Drei Meisternovellen

Ein schwaches Herz / Der ehrliche Dieb Die Frau eines andern und der Ehemann unterm Bett

Deutsch von Ida Orloff

Saga

Drei Meisternovellen

 

Übersezt von Ida Orloff

 

Titel der Originalausgabe: Slaboje serdce/Čestnyj vor/Čužaja žena i muž pod krovat’ju

 

Originalsprache: Russisch

 

Coverbild/Illustration: Shutterstock

Copyright © 1920, 2021 SAGA Egmont

 

Alle Rechte vorbehalten

 

ISBN: 9788726981445

 

1. E-Book-Ausgabe

Format: EPUB 3.0

 

Dieses Buch ist urheberrechtlich geschützt. Kopieren für gewerbliche und öffentliche Zwecke ist nur mit der Zustimmung vom Verlag gestattet.

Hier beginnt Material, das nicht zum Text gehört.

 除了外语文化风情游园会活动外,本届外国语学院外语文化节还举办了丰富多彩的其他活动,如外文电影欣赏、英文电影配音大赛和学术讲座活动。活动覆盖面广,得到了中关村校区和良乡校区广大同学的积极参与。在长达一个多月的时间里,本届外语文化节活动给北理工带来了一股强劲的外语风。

Dieses Werk ist als historisches Dokument neu veröffentlicht worden. Die Sprache des Werkes entspricht der Zeit seiner Entstehung.

 

www.sagaegmont.com

Saga ist Teil der Egmont-Gruppe. Egmont ist Dänemarks größter Medienkonzern und gehört der Egmont-Stiftung, die jährlich Kinder aus schwierigen Verhältnissen mit fast 13,4 Millionen Euro unterstützt.

Ein schwaches Herz

Unter einem Dache, in demselben vierten Stockwerk, in ein und derselben Wohnung wohnten zwei junge Berufskollegen, Arkadij Iwanowitsch Njefedjewitsch und Wasja Schumkow.

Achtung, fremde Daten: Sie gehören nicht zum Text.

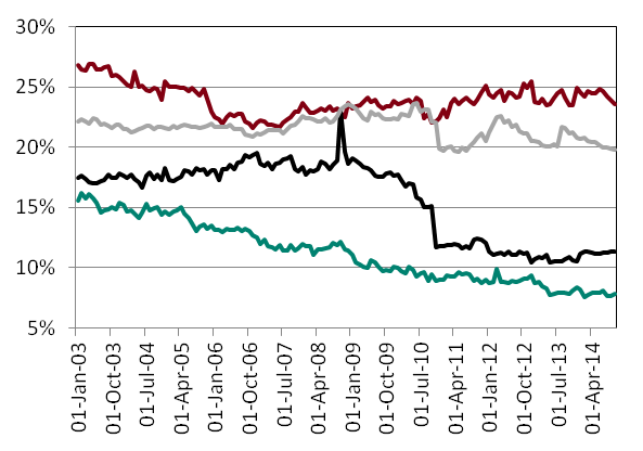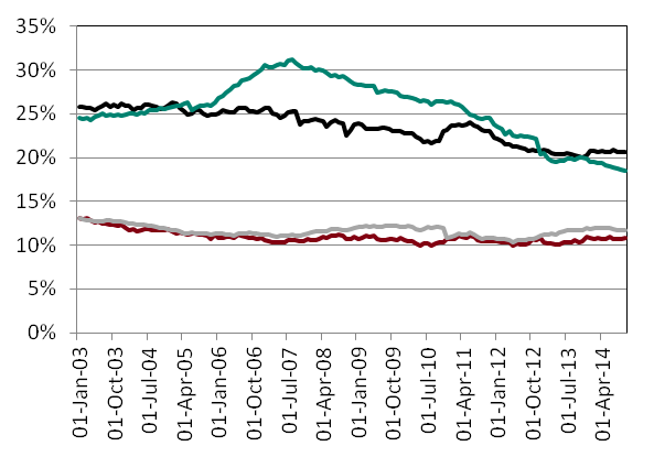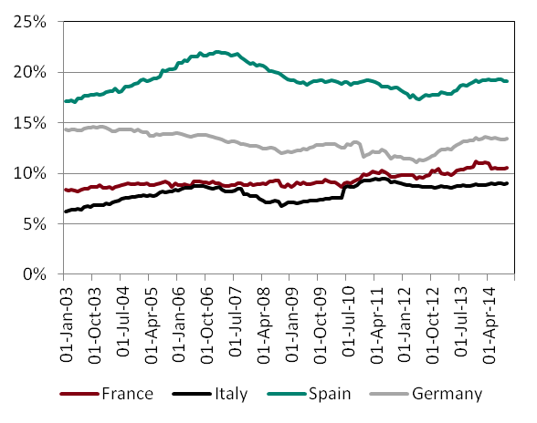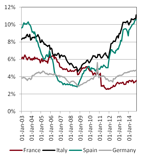 Sovereign bonds purchase program expected in 2015 seems very different from the two previous programs –SMP (Securities Markets Programme) and OMT (Outright Monetary Transactions)– aimed at limiting the financial fragmentation in the euro area. Since the announcement of the OMT in 2012 financial fragmentation has considerably declined and sovereign spreads between member countries are no longer a threat to the euro area stability. The objective of the sovereign bonds purchases this time is to bring down the overall level of long term rates in order to stimulate investment and consumption in the euro area and thereby increase inflationary pressures.

Der Autor fühlt natürlich die Notwendigkeit, dem Leser zu erklären, warum der eine Held mit vollem Namen genannt wird, der andere aber darin gekürzt wurde.

Sei es vielleicht auch nur deshalb, um den Anschein des Unschicklichen und allzu Familiären zu vermeiden; so ist es denn doch notwendig, eine erklärende Einleitung über den Stand, das Alter, den Ruf, ja Amt und Würden und schliesslich sogar die Charaktereigenschaften, das Wirken und Handeln der Personen zu schreiben; weil es doch aber so viele Schriftsteller gibt, die so beginnen, so entschliesst sich der Autor vorliegender Erzählung, um nicht den anderen zu gleichen, einfach zu dem Einzigdastehenden: sofort mit der Handlung zu beginnen (d. h. einige werden sagen, was für ein Zeichen unbegrenzter Selbstgefälligkeit). Der Autor schliesst jedoch diese Vorrede und beginnt: Schumkow begab sich am Silvesterabend um 6 Uhr nach Hause. Arkadij Iwanowitsch, welcher auf dem Bett lag, erwachte und blinzelte mit halbem Auge zu seinem Freund hin. Er bemerkte, dass er in seinem besten Zivilanzug steckte und ein reines Vorhemdchen anhatte. Das setzte ihn selbstverständlich in Erstaunen! Wo war denn Wasja in diesem Aufzug gewesen? Und nicht einmal zu Hause Mittag gegessen hatte er!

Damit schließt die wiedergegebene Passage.